The call to repentance. The first reading describes the end as the day of God’s justice. It is a day “blazing like an oven, when all the proud and all evildoers will be stubble” and will be set on fire. But for those who fear the name of God, “there will arise the sun of justice with its healing rays” (Mal 3:19-20a).  

The end is when we experience the definitive justice of God. While on earth, life seems to be unfair many times. Evil doers seem to prosper while good people suffer persecutions. But when the day of the Lord comes, God will set all things straight. Indeed, our moral life has repercussions on the afterlife. We cannot do evil and not be held responsible for it.

We may do well then to heed the invitation to repent and to “fear the name of God.” This can mean rising up from our complacency and self-centered way of living. This can also mean shaking ourselves out of our pride and conceited sense of self-sufficiency as if we do not need God. Repentance can also take the form of turning away from our evil deeds by committing ourselves to actively help dismantle the structures of sins which we may have participated in.

The "Wailing Wall"
The call to steadfastness in faith. It is very easy to create our own wailing walls where we can continue to mourn and weep for our losses. With the super typhoons mercilessly buffeting our cities and towns, with the earthquakes leaving our homes, churches, offices, bridges, and other infrastructures in ruins, with wars dashing our hopes for harmony and peace among peoples and cultures, it is very easy to lose heart, to doubt in God’s goodness, to be paralyzed by hopelessness, and to give in to evil means of survival.

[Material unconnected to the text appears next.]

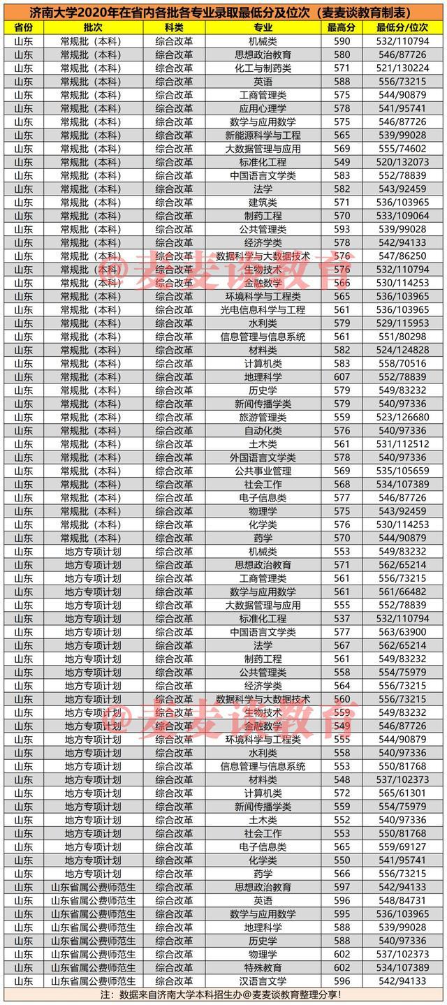 注:文中数据均来自济南大学本科招生办,麦麦仅作分享。如有侵权,请联系删除!

Yet the message of Luke to his people then is the same message we need to listen to now. The apocalyptic writings of Luke in today’s gospel, announces hardships, sufferings, calamities, and tribulations as presage to the coming of the end. While there is no telling of the definite time of the end, we are called to face whatever hardships and tribulations with steadfastness in faith.

To be steadfast in our faith is to have the courage to give testimony to the goodness of God amidst seeming contrary evidences of destructions around us because we know that it is sin that causes these havoc and not God. God only has grace to see us through all the sufferings.

To be steadfast in faith is to persevere in the face of hatred and looming death because we trust that God will protect us as he has promised: “not a hair on your head will be destroyed. By your perseverance you will secure your lives” (Lk 21: 18). Even death cannot harm those who have been faithful to God.

As we come to the end of our liturgical year, let us see our lives, our important commitments, our endless concerns, our joys and sorrows, our successes and failures in the light of our eternal destiny. Everything will pass away. Great temples we have built can easily crumble leaving us only ruins where we can lament and wail. We look beyond this earthly life without relinquishing our responsibility to make this a beautiful place to live in. As we do, let us always be reminded of our call—to repent and to be steadfast in our faith.